Elisabeth Carolina Lizzy van Dorp (born September 5, 1872 in Arnhem , † September 6, 1945 in Banjoe Biro , Dutch East Indies) was a Dutch lawyer , politician and feminist .

Life

Lizzy van Dorp, 1901

Van Dorp studied law at Leiden University and was the first woman to graduate in the Netherlands in 1901. In 1903 she received her doctorate and she subsequently worked as a lawyer. Van Dorp became active in various feminist movements and advocated the introduction of women's suffrage . She rejected the more radical currents of feminism.

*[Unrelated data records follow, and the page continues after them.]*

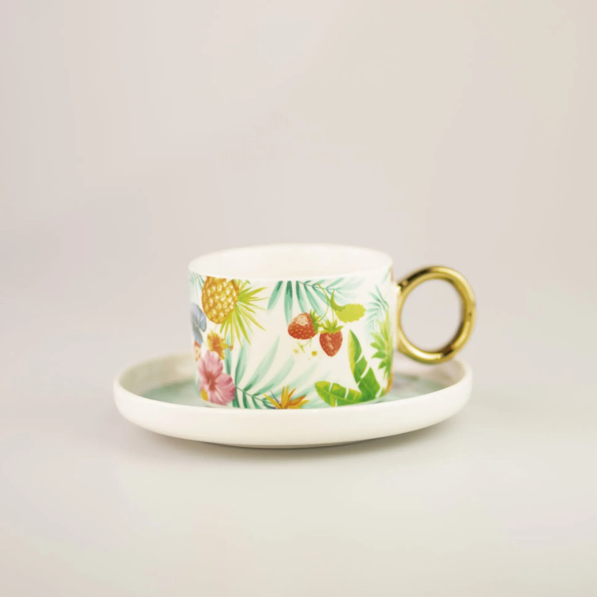 Il Manico In Oro Rende La Tazza Con Fantasie Tropicali Molto Elegante.
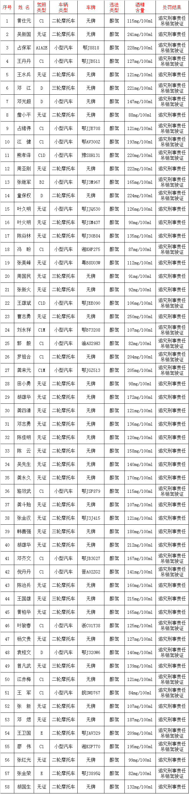醉酒驾驶(58人)
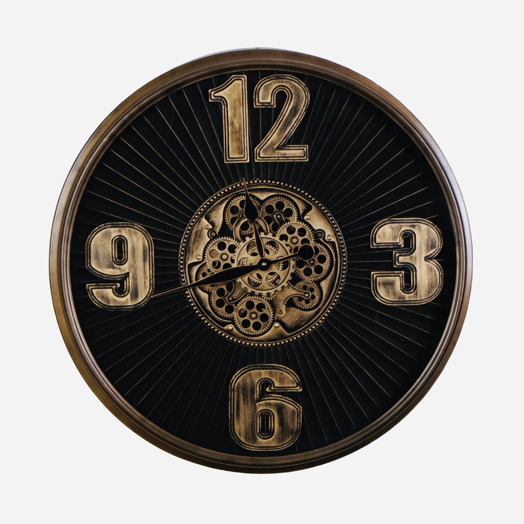 The Extra Large Vintage Moving Cogs Wall Clock is a striking blend of old-world charm and modern design. With its bold black frame and brass detailing, this timepiece features moving cogs with a vintage mechanical theme. The clock is powered by 3 AA batteries (not included with clock) - 2 batteries for gears to start spinning, 1 battery for clock hands to move to tell time.

Since 1915 she worked on the editorial team of De Economist , one of the leading Dutch business magazines. A constitutional amendment in 1917 introduced the right to vote for women in the Netherlands. Active suffrage followed in 1919. From 1922 to 1925, van Dorp was a member of the Liberal Party in the Second Chamber of the States General . Then she supported the Liberal State Party .

Van Dorp moved to England after her mother's death in 1935. There she wrote her book A Simple Theory of Capital, Wages, Profit and Loss, a New and Social Approach to the Problem of Economic Distribution (A simple theory of capital, of wages, of profit and loss, a new and social approach to the problem of economic distribution). After the outbreak of World War II, she traveled to Ankara, Turkey. Van Dorp did not return to the occupied Netherlands, but at the end of 1940 traveled to Semarang on the island of Java , where her father had worked. For some time she worked as a lecturer in economics at the Technical University of Bandung. In 1941 she was interned by the Japanese. She died in a detention center in Banjoe Biro the day after her 73rd birthday.